*** Block opens ***
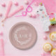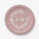 Ein schlichter, blumengeschmückter Imitat mit monogramm rosafarbenen Tellern. Einfach mit Ihren Daten personalisieren. Teller aus geometrischem Foto, moderne boho Papier Teller bearbeitbar, anpassbar, kalligrafisch handgeschriebener Schriftart, einfach, elegant.
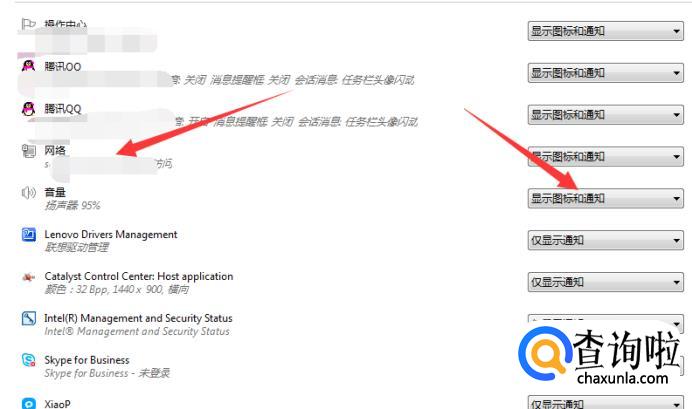 然后选择任务栏上出现的图标和通知下面找到网络再选择显示图标和通知。最后点击确定。
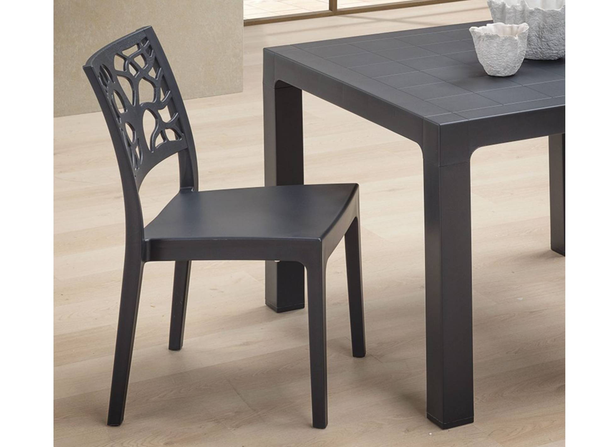 Il motivo intagliato sullo schienale rende questa sedia unica e glamour.
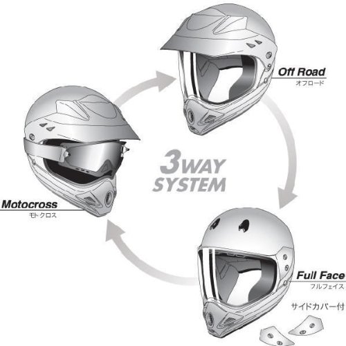 ヘルメット特徴:3wayシステム搭載、エアベンチレーションシステム、UVカット、ハードクリアシールド、ワンタッチ着脱式シールド交換システム、洗えるフル着脱内装、リアリフレクトステッカー
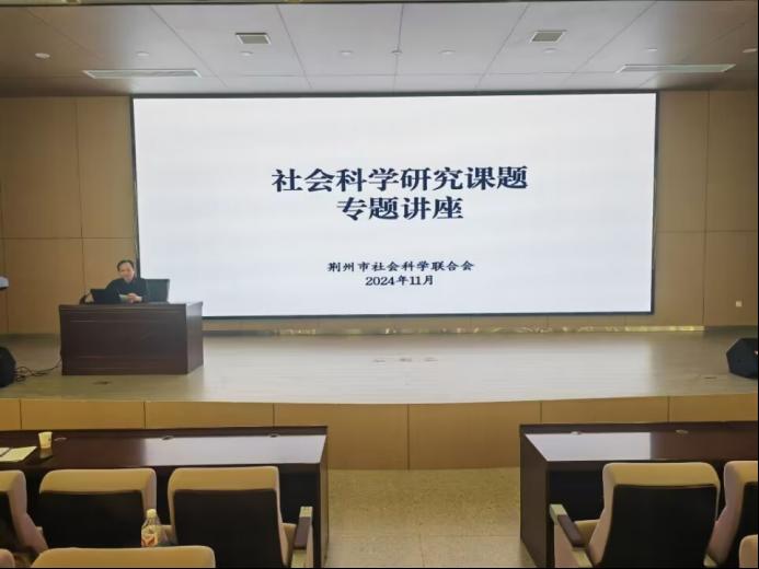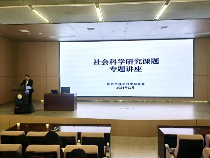 11月7日下午,科技处邀请了荆州市社科联党组成员、副主席瞿青萃来公司作 “社会科学研究课题”的专题讲座。各院(系)主要负责人及百余名专兼职教师现场聆听。讲座由校领导公司副经理肖寒芝主持
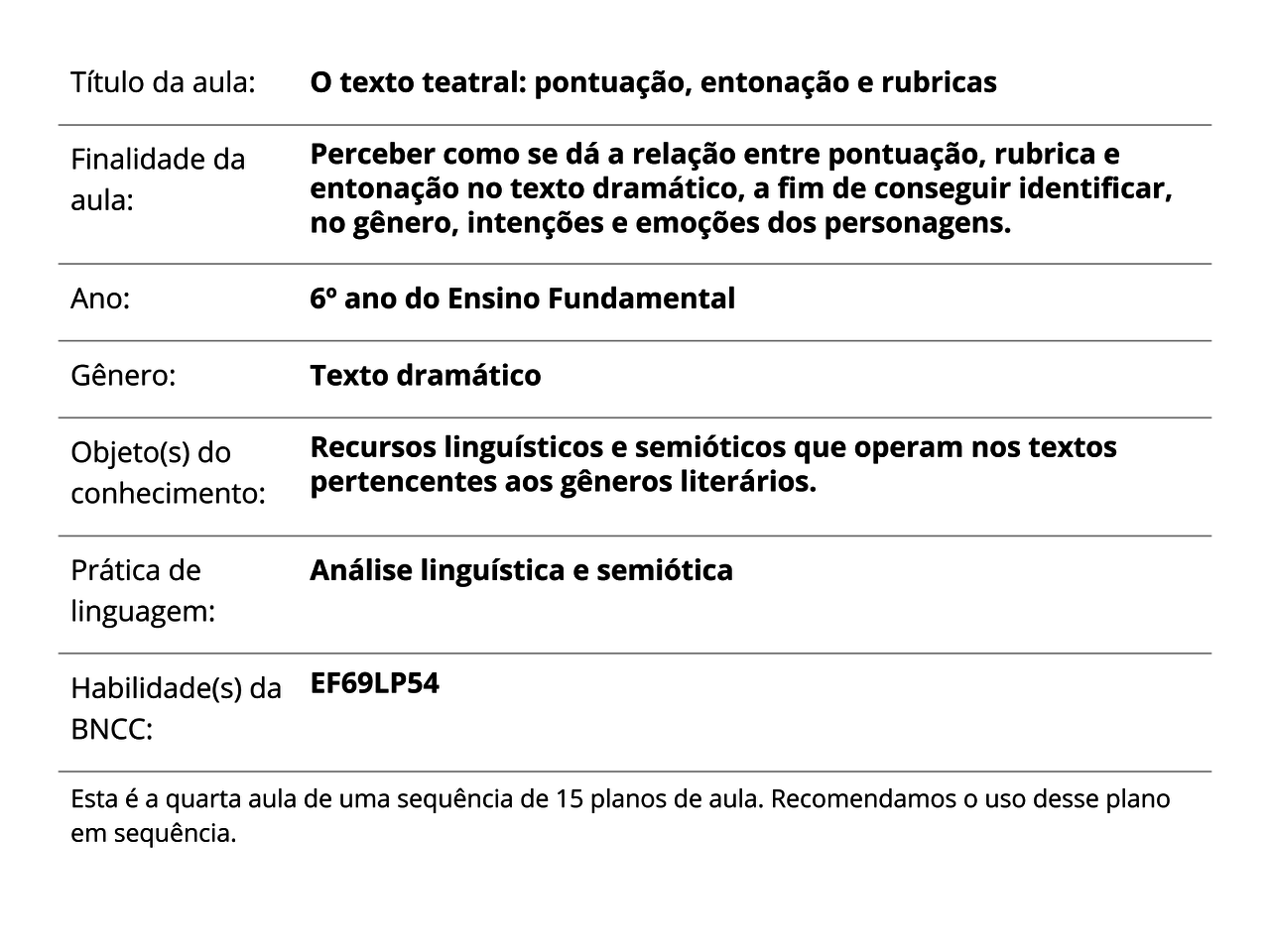 Plano De Aula 6º Ano Lingua Portuguesa O Texto Teatral
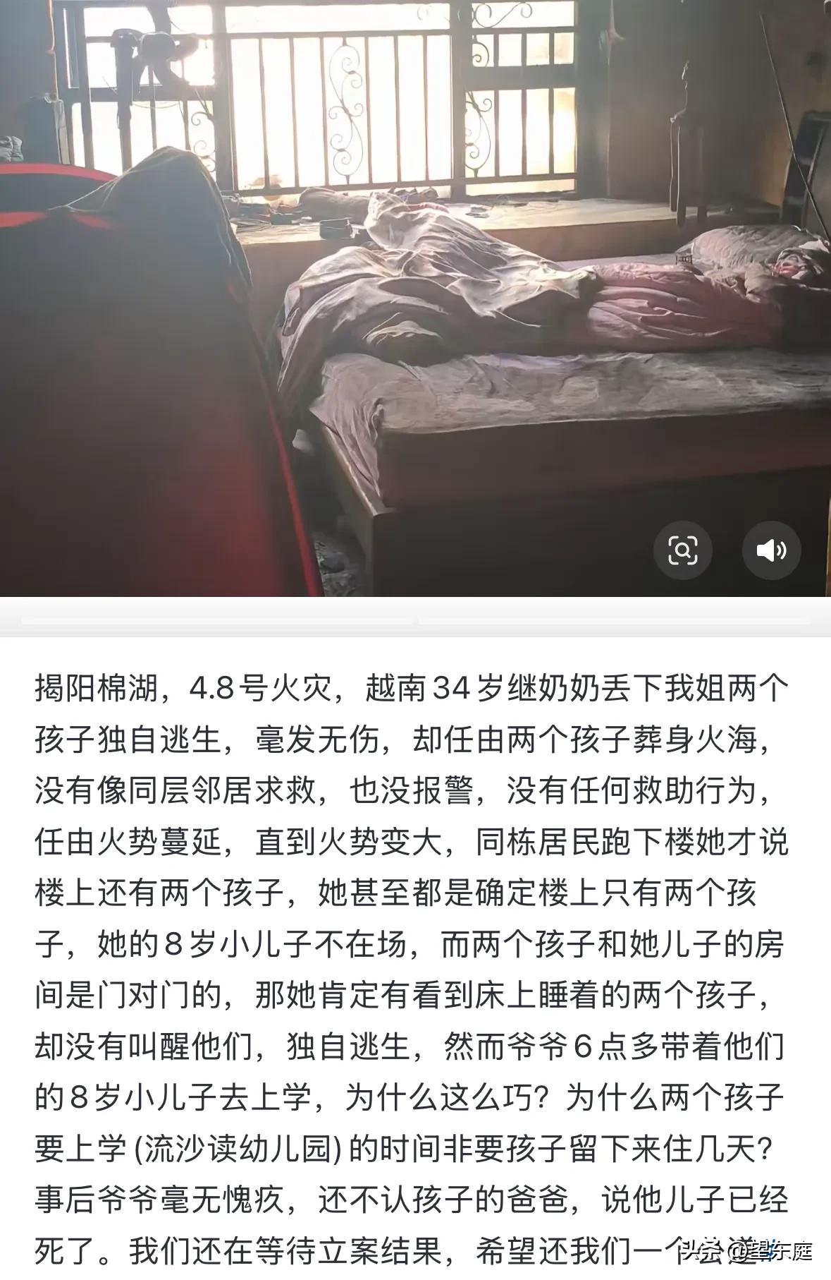 更让人心疼的是,起火的时候,孩子的继奶奶最先发现,然而她却见死不救选择了自己独自逃生。
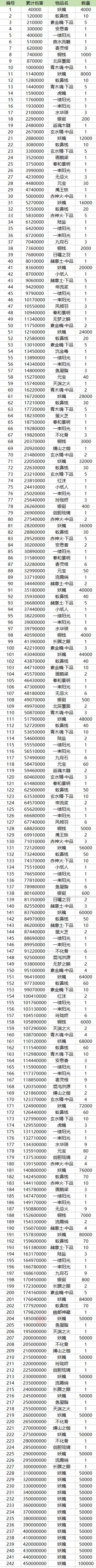 累计伤害奖励列表
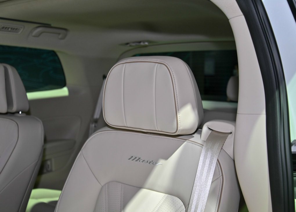 同时作为专属细节,该车在副驾驶中控台、座椅靠背以及第二排地台上均出现了代表大师系列的“master”英文标识,满满的高级感。
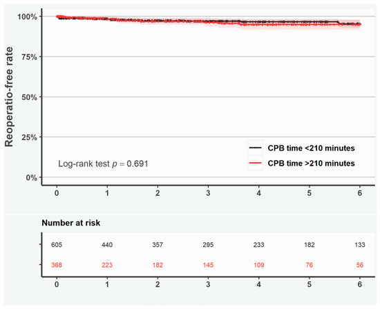 Shorter survival was observed if the duration of surgery exceeded >210 min in patients with ascending aortic surgery only (log-rank test p < 0.001; Figure S5), but not in patients with aortic root surgery only (log-rank test p = 0.306; Figure S6). Reoperation-free survival was similar in patients with CPB time > 210 min as compared with <210 min according to the Kaplan–Meier curves and adjusted RMST ratio (Figure 3 and Table 5).
*** Block closes ***
An exact repeat of all the data is required, pictures excluded.

[Result of the task]
 Ein schlichter, blumengeschmückter Imitat mit monogramm rosafarbenen Tellern. Einfach mit Ihren Daten personalisieren. Teller aus geometrischem Foto, moderne boho Papier Teller bearbeitbar, anpassbar, kalligrafisch handgeschriebener Schriftart, einfach, elegant.
 然后选择任务栏上出现的图标和通知下面找到网络再选择显示图标和通知。最后点击确定。
 Il motivo intagliato sullo schienale rende questa sedia unica e glamour.
 ヘルメット特徴:3wayシステム搭載、エアベンチレーションシステム、UVカット、ハードクリアシールド、ワンタッチ着脱式シールド交換システム、洗えるフル着脱内装、リアリフレクトステッカー
 11月7日下午,科技处邀请了荆州市社科联党组成员、副主席瞿青萃来公司作 “社会科学研究课题”的专题讲座。各院(系)主要负责人及百余名专兼职教师现场聆听。讲座由校领导公司副经理肖寒芝主持
 Plano De Aula 6º Ano Lingua Portuguesa O Texto Teatral
 更让人心疼的是,起火的时候,孩子的继奶奶最先发现,然而她却见死不救选择了自己独自逃生。
 累计伤害奖励列表
 同时作为专属细节,该车在副驾驶中控台、座椅靠背以及第二排地台上均出现了代表大师系列的“master”英文标识,满满的高级感。
 Shorter survival was observed if the duration of surgery exceeded >210 min in patients with ascending aortic surgery only (log-rank test p < 0.001; Figure S5), but not in patients with aortic root surgery only (log-rank test p = 0.306; Figure S6). Reoperation-free survival was similar in patients with CPB time > 210 min as compared with <210 min according to the Kaplan–Meier curves and adjusted RMST ratio (Figure 3 and Table 5).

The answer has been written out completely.